E2open recently announced new capabilities that accelerate the cycle time of transformation initiatives in supply chain, procurement, and trading partner integration. Among these are new service-oriented architecture (SOA) APIs, an ERP integration framework, self-configuration tool kits, and self-service reporting and analytics to leverage ERP investments while lowering the costs of integration with external trading partners.

E2open's SaaS delivery model and SOA significantly reduce deployment, upgrade, and maintenance costs by serving as a single on-demand integration platform between external trading partners and internal enterprise applications from Oracle, SAP, and others.

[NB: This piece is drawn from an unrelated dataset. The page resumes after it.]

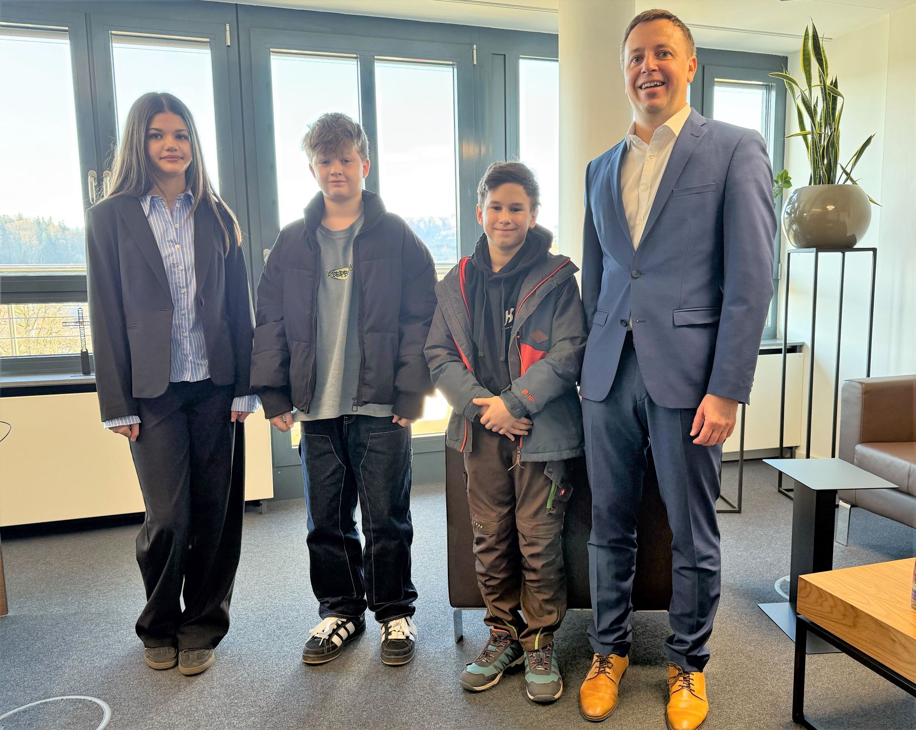 Oberbürgermeister Dr. Christian Hümmer (rechts) begrüßt die Jugendlichen, die bei der Stadt den Girls‘ und Boys‘ Day verbringen (von links): Aliyah Bauer, Leonhard Feichtenschlager und Nicolas Krüger.

More about the E2open survey results:

• The highest-priority initiative, selected by 66 percent of survey respondents, is globalization of the supply chain to leverage economies of scale and scope across the multinational supply chain network and operations that have grown by acquisition.

• 60 percent selected extending lean principles across the supply chain to drive shorter and more real-time process cycles.

• 57 percent selected trading partner integration to synchronize processes and data with suppliers by consolidating supplier portals and B2B gateways.

• 33 percent selected process automation—replacing manual with technology-enabled processes to make it faster and easier to interact with suppliers in processes such as vendor-managed inventory, procure-to-pay, and international procurement offices. 

Also mentioned were outsourced manufacturing and sourcing and operating in low-cost countries.